- _PROBLEM DESCRIPTION_: Pictures appear among the records below and must be omitted. Repeat exactly the lines from the line with "下の写真の拡大です。方解石を含みます。小さな方鉛鉱の粒が付着しています。" to the line with "整體功率58KW、單拋頭、一", both included.

- _DATASET EXTRACT_:
******************************

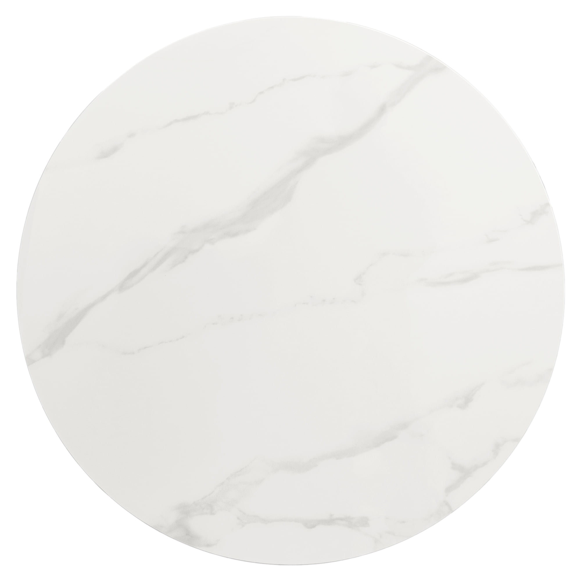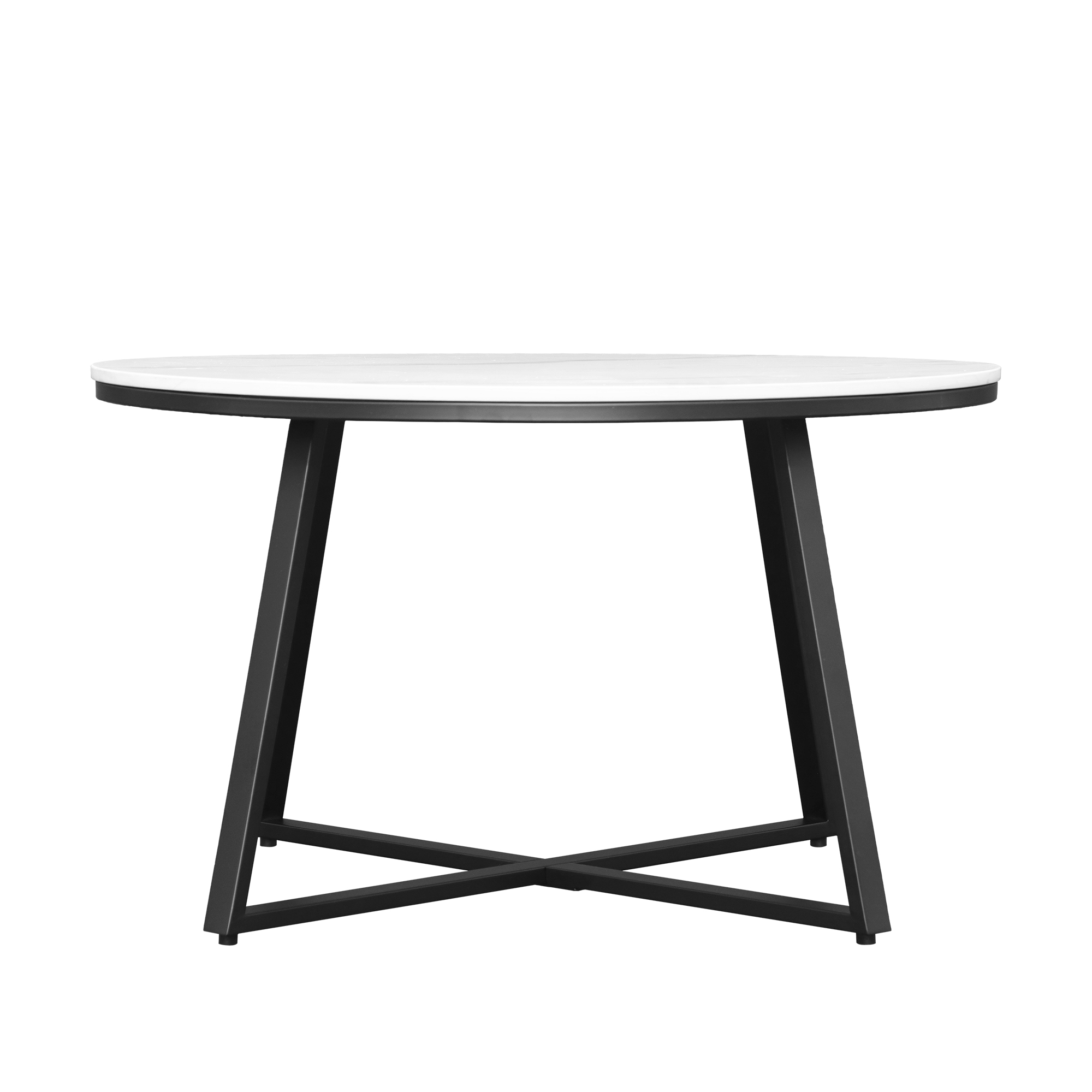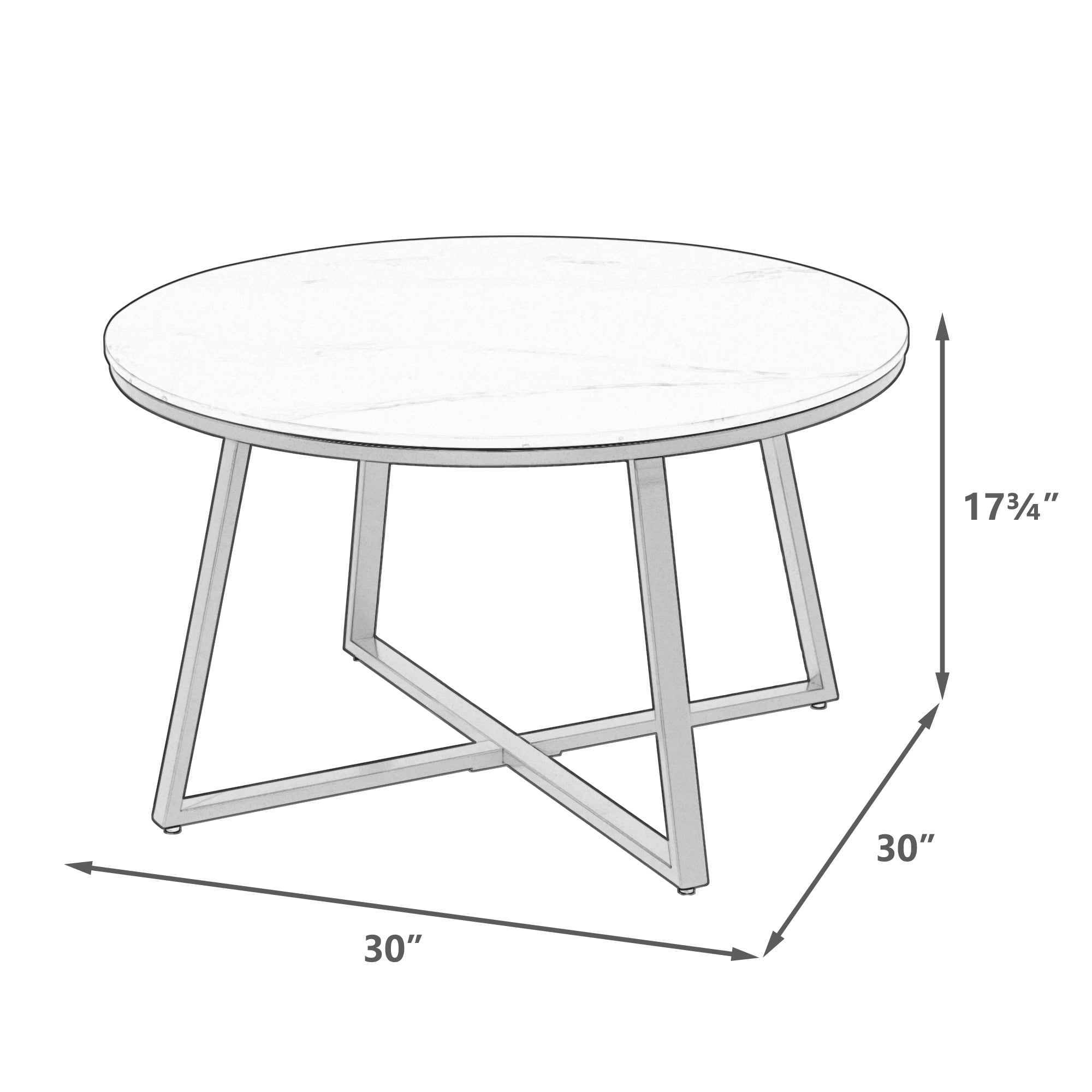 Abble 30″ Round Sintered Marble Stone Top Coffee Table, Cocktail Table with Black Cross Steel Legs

******************************

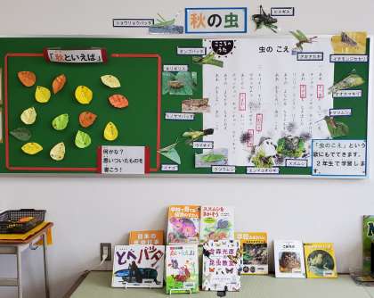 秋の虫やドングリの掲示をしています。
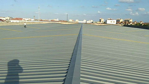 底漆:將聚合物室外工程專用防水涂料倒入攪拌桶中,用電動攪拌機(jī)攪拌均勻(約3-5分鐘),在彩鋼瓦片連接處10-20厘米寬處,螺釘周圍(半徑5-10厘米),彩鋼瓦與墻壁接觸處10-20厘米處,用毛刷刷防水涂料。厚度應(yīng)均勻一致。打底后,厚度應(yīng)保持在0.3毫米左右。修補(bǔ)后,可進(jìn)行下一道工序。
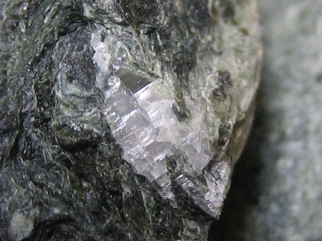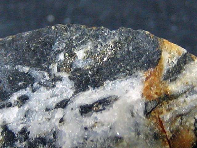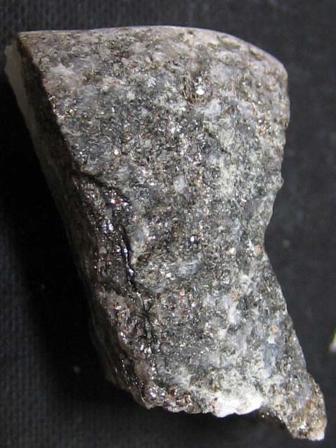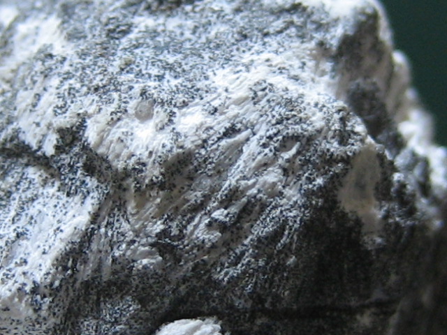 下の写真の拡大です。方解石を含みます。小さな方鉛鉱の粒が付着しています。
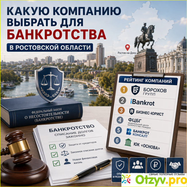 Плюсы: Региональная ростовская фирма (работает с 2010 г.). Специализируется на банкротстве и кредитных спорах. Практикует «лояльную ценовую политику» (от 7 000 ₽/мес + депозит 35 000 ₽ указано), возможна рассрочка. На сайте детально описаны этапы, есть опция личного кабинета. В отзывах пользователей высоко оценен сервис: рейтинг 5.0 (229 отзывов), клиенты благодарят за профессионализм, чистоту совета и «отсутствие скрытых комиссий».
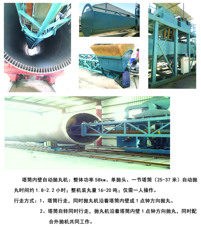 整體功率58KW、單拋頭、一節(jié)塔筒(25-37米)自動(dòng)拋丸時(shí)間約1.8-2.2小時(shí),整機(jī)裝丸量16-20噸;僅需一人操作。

******************************

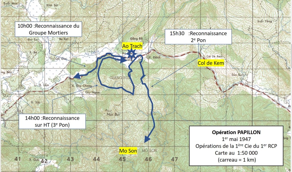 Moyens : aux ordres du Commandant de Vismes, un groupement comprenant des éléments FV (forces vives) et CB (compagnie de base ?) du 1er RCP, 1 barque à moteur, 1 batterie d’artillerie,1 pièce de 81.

******************************

- _REPLY TO THE EXERCISE_:
 下の写真の拡大です。方解石を含みます。小さな方鉛鉱の粒が付着しています。
 Плюсы: Региональная ростовская фирма (работает с 2010 г.). Специализируется на банкротстве и кредитных спорах. Практикует «лояльную ценовую политику» (от 7 000 ₽/мес + депозит 35 000 ₽ указано), возможна рассрочка. На сайте детально описаны этапы, есть опция личного кабинета. В отзывах пользователей высоко оценен сервис: рейтинг 5.0 (229 отзывов), клиенты благодарят за профессионализм, чистоту совета и «отсутствие скрытых комиссий».
 整體功率58KW、單拋頭、一節(jié)塔筒(25-37米)自動(dòng)拋丸時(shí)間約1.8-2.2小時(shí),整機(jī)裝丸量16-20噸;僅需一人操作。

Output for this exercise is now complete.